Verwaltungsdigitalisierung: Wenn Behörden kooperieren, geht’s voran – Eindrücke vom VITAKO-Abend mit Politik und IT

Berlin – Digitale Verwaltung bleibt ein deutsches Dauerthema. Wie der gordische Knoten aus Bund, Ländern, Kommunen und ihren IT-Dienstleistern vielleicht doch zu durchschlagen ist, debattierten Abgeordnete und Branchenexperten beim politischen Abend von VITAKO am 25. Juni im Haus der Bundespressekonferenz. Heraus kam eine Mischung aus Optimismus, Kritik an versäumter Abstimmung und ein Blick auf die Mammutaufgabe Governance.

heute 09:25 Uhr | 4 mal gelesen

Bei der Veranstaltung machte Prof. Dr. Martin Hoffmann, Bürgermeister und Wirtschaftsinformatiker, gleich zu Beginn klar: Fortschritt gibt’s nur mit einer starken digitalen Infrastruktur. William Schmitt von VITAKO schloss sich an und skizzierte, wie dringend Standardisierung und gemeinsame Innovationskraft nötig sind. Was als technologisches Thema daherkommt, ist in Wahrheit pure Politik: Der "Deutschland-Stack" wurde als Schlüssel zur effizienten und interoperablen Verwaltung ausgerufen, quasi als gemeinsames IT-Fundament für die Behörden in Städten, Landkreisen und Ministerien. Die Podiumsdiskussion – halb bunt gemischt, halb Insider-Runde – drehte sich schnell um bekannte Schwachstellen: Das Onlinezugangsgesetz, ursprünglich als Meilenstein gefeiert, habe zu viele Akteure mit zu wenig Abstimmung zurückgelassen. Es brauche verbindliche Governance und mehr Verantwortungsbewusstsein statt Zuständigkeitsschach. Die Runde war sich einig, dass es klare Bilder vom Ziel und transparente Abläufe braucht, aber auch unabhängige lokale IT-Kompetenz, die besonders aus der kommunalen Landschaft kommt.

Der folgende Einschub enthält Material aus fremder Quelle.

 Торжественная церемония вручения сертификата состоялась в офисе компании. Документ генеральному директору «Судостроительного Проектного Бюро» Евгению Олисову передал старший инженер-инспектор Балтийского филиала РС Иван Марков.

Ralph Brinkhaus mahnte: "Klarere Strukturen, weniger Fingerpointing – der Staat muss handlungsfähig werden, sonst verheddern wir uns ewig im Zuständigkeitsdschungel." Sein Kollege Dr. Moritz Heuberger betonte, Praxistauglichkeit und Standards sollten Vorrang haben, und bat darum, die Kommunen nicht auf den Kosten sitzen zu lassen. Parsa Marvi schloss den Reigen mit dem Hinweis: "Digitale Innovationsprojekte wie der Deutschland-Stack laufen nur gemeinsam und offen, nicht mit Einzellösungen in jedem Rathaus.“ Die Vertreter von IT-Dienstleistern wie Dataport und Komm.ONE gaben Einblick in ihren Wandel vom Datenspeicher zum Innovationstreiber. Lars Hoppmann fasste zusammen: Die Modernisierung der Verwaltung hängt an gemeinsamer Anerkennung der IT-Dienstleister auf allen Ebenen – auch bei der Finanzierung und Gesetzgebung. Offen blieb letztlich: Wird diese Erkenntnis diesmal wirklich zur Strategie?

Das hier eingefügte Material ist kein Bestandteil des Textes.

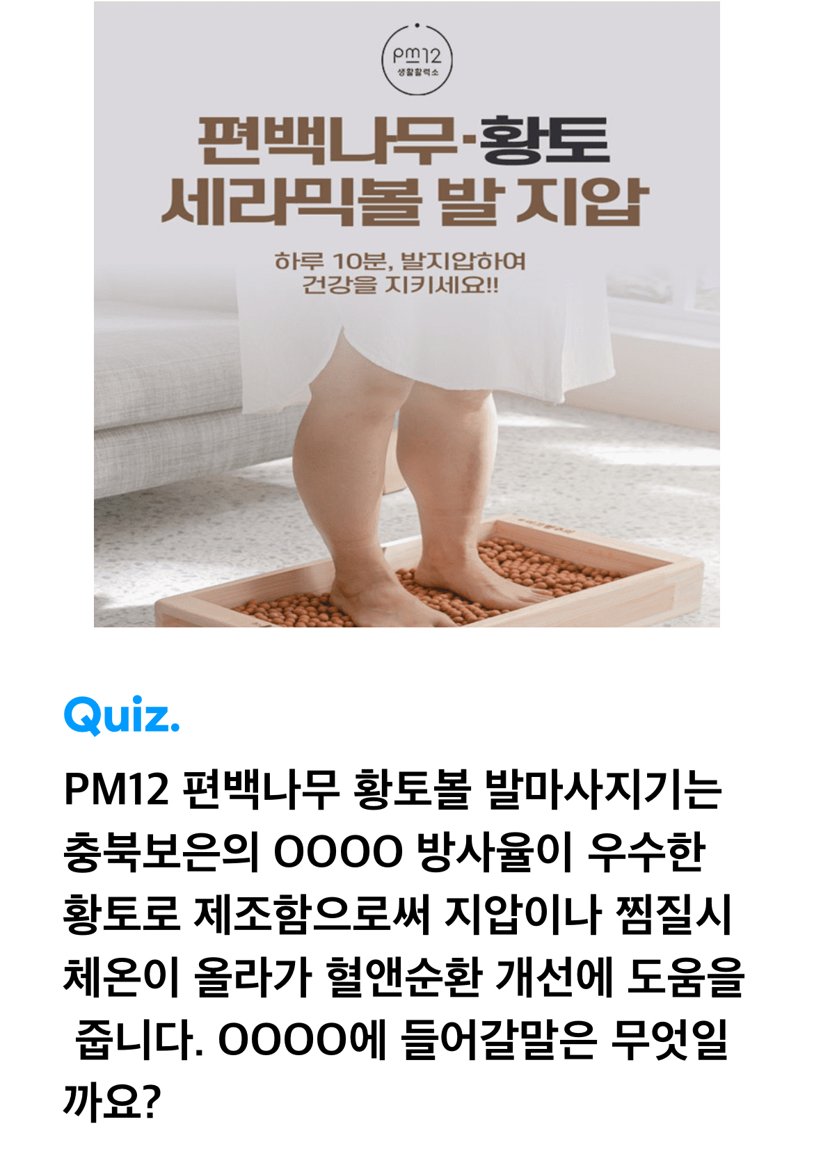 타임스프레드 용돈퀴즈 정답 PM12 편백나무 황토볼 발마사지기 방사율

Die Digitalisierung der deutschen Verwaltung bleibt trotz jahrelanger Bemühungen schwierig: Komplexe Koordinationswege, Unsicherheiten bei Zuständigkeiten und fehlende einheitliche Standards bremsen den Fortschritt spürbar. Beim politischen Abend von VITAKO wurde betont, dass der Deutschland-Stack, die Einbindung kommunaler IT-Dienstleister sowie eine klare Governance-Struktur zentrale Elemente für eine erfolgreiche Modernisierung sind. Trotz vieler Initiativen – etwa der geplanten Deutschland-App und der EUDI-Wallet – mangelt es an konsistenter Umsetzung und finanziellen Spielräumen insbesondere auf kommunaler Ebene. Aktuelle Recherchen zeigen: Laut FAZ wachsen die Sorgen bei Kommunen, dass sie durch die Digitalisierung finanziell überfordert werden könnten; DIE ZEIT berichtet von Verzögerungen bei Digitalisierungsprojekten durch Bürokratie und Uneinigkeit zwischen Bund und Ländern. Die Süddeutsche Zeitung hebt hervor, dass erfolgreiche Pilotprojekte häufig an fehlendem politischen Rückhalt und Schnittstellenproblemen scheitern.